1. Initiation: Bacterial protein synthesis starts with the formation of initiation complex that includes ribosomes, three initiation factors (IF-1, IF-2 and IF-3), mRNA and guanosine triphosphate (GTP). In the initiation process, the inactive 70S ribosome in the presence of IF-1 and IF-3 first dissociates into 50S and 30S subunits. The 30S subunit then occupies a specific site on mRNA. In the presence of initiation factors (IF-1, IF-2 and IF-3) and GTP, a specific tRNA, called the initiator tRNA brings a modified methionine amino acid (known as f-met) to the 30S subunit. The 30S subunit, three initiation factors, mRNA, GTP and f-met-tRNA constitute the initiation complex. The initiation complex then combines with the 50S subunit to form activated 70S ribosome. The 50S ribosomal subunit contains a peptidyl (P) and an aminoacyl (A) site.  This is followed by a process in which GTP is hydrolyzed to GDP and Pi and the initiation factors (IF-1, IF-2 and IF-3) dissociate from the ribosome.
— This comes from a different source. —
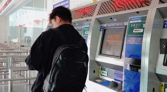在自助售票机上操作时
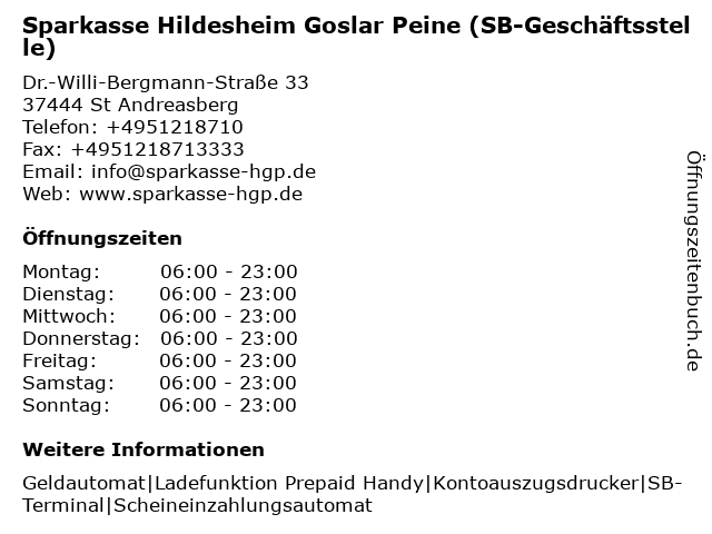 Branchen & Suchbegriffe zu Sparkasse Hildesheim Goslar Peine (SB-Filiale):goslar, peine, sb, sparkasse |

This ensures that the initiator tRNA (f-met-tRNA) binds to peptidyl site (the amino acyl site remains free) and positioned at the initiation condon, AUG. The initiator tRNA will be having an anticodon (UAC), complementary to the start codon (AUG) of mRNA. The synthesis of all prokaryotic proteins start with the amino acid methionine, coded by the start codon AUG. The translation takes place in 5/ to 3/ direction.

 

2. Elongation: The elongation step is further subdivided into three substages.
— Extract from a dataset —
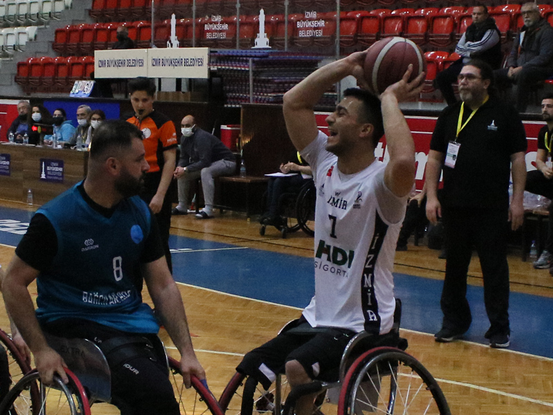 TEKERLEKLİ Sandalye Basketbol Süper Ligi’nde beşte beş yapan son şampiyon İzmir Büyükşehir Belediyesi Gençlik ve Spor Kulübü, altıncı hafta maçında İzmir'de Bağcılar Engelliler SK'yı 84-49 skorla mağlup etti.

(a) Binding of amino acyl-tRNA: A newly amino acyl-tRNA that is complementary to the codon located adjacent to start codon, binds to the free amino-acyl site of 70S ribosomal unit. This step can be blocked by Tetracyclines.
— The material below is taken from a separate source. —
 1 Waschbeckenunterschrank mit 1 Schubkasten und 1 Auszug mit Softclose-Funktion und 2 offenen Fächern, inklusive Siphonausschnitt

(b) Peptide bond formation (Transpeptidation): In this step, the activated amino acid (f-met) attached to the tRNA in P-site, is transferred to the A-site through the catalyzing action of peptidyl transferase enzyme. This energy independent transpeptidation process results in the attachment of two amino acids to tRNA present at amino acyl-site while the empty tRNA is discharged from the A-site.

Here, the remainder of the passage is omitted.